The most important English model for others in Europe was the Anderton Barge Lift, built near the English salt-producing town of Northwich between 1872 and 1875. It lifted barges over 50 feet (15 meters) between the Weaver Navigation and the Trent and Mersey Canal. Designed by the engineers Edward Williams and Edwin Clarke, the mechanism comprised two sets of connected hydraulic cylinders and pistons, each supporting a 76-by-15-foot (23-by-4.7-meter) boat tank. In order to lift a boat, a little water was released from the lower tank; as the then heavier counterbalancing tank moved downward, the hydraulic system was activated to raise the lower tank, boat and all. The process was augmented by a steam-powered hydraulic pump. The mechanism lasted for about thirty years, but corrosion problems in the hydraulic system led to the construction of a replacement (albeit incorporating several parts of the original structure) between 1906 and 1908. The new lift continued to carry commercial traffic until the mid-1960s and recreational boats until 1982.
Early among the European clones was the lift at Les Fontinettes on the Neuffossée Canal in northern France. Built in 1888 to raise 340-ton (305-tonne) canal boats 43 feet (13 meters) from the River Aa to the canal, it replaced no fewer than five eighteenth-century locks, dramatically reducing the time needed to negotiate the network of inland waterways linking Calais and Dunkerque with the industrial center of Lille. It was replaced by a single modern lock in 1967.
Proposed in 1879, the 17-mile (27-kilometer) Canal du Centre in Belgium’s industrial Scheldt-Meuse-Rhiue Delta integrates Europe’s inland waterways. Because they survive in working condition, four lifts near La Louvière, also based on the Anderton model, are unique among their contemporaries. Each lifts boats through 57 feet (17 meters). The first, with a capacity of 450 tons (407 tonnes), was built around 1889; the remaining 340-ton (305-tonne) lifts followed between 1908 and 1917. In 1999, as part of a long-term program to increase the capacity of Belgium’s major waterways, a single hydraulic elevator was completed at Strépy-Thieu on a new section of the Canal du Centre. It is capable of moving barges of 1,500 tons (1.370 tonnes) deadweight vertically though 243 feet (73 meters)—the highest lift in the world—in tanks that weigh almost 9,000 tons (8,150 tonnes).

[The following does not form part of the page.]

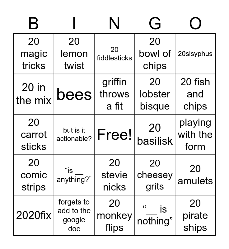 This bingo card has a free space and 24 words: “is __ anything?”, forgets to add to the google doc, griffin throws a fit, 2020fix, 20sisyphus, 20 magic tricks, 20 in the mix, 20 lemon twist, 20 basilisk, 20 stevie nicks, 20 lobster bisque, 20 carrot sticks, 20 cheesey grits, 20 amulets, bees, “__ is nothing”, playing with the form, 20 fiddlesticks, 20 fish and chips, but is it actionable?, 20 pirate ships, 20 comic strips, 20 bowl of chips and 20 monkey flips.

Because of growing industrialization in the late nineteenth century, Germany’s River Ruhr needed a transport network for raw materials and manufactured goods. In 1899 the Dortmund-Ems Canal was built to connect North Sea harbors to the Ruhr region. The Rhine-Herne Canal, completed in 1914, linked the Rhine with Rotterdam and Amsterdam. The two artificial waterways are joined by the 45-foot (13.5-meter) Henrichenburg boat lift at Waltrop. Constructed between 1894 and 1899 it was replaced in 1958–1962.

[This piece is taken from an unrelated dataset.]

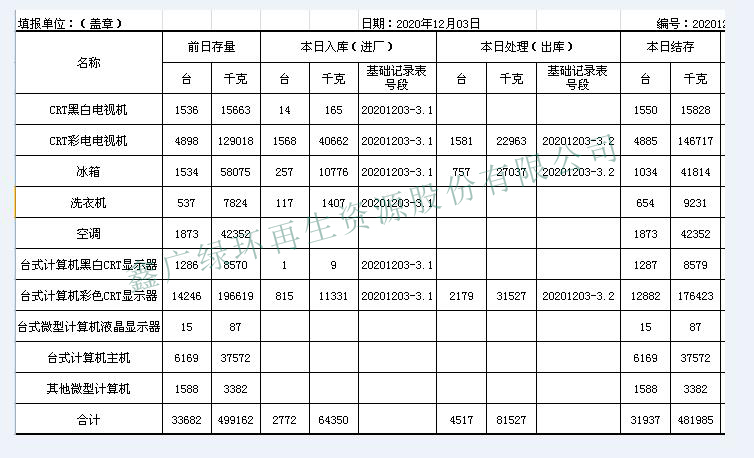 2020.12.03回收拆解統(tǒng)計表

Another early hydraulic lift system was built in the New World: the Peterborough Lift Lock on the Trent-Severn Canal, connecting Lake Ontario with the upper Great Lakes and the West. Completed in 1904 it consisted of two ship lifts—each with a mass of 1,900 tons (1,730 tonnes) and rising 49 and 65 feet (14.8 and 19.8 meters), respectively—within the 4-mile (6.5-kilometer) canal, replacing eight conventional locks.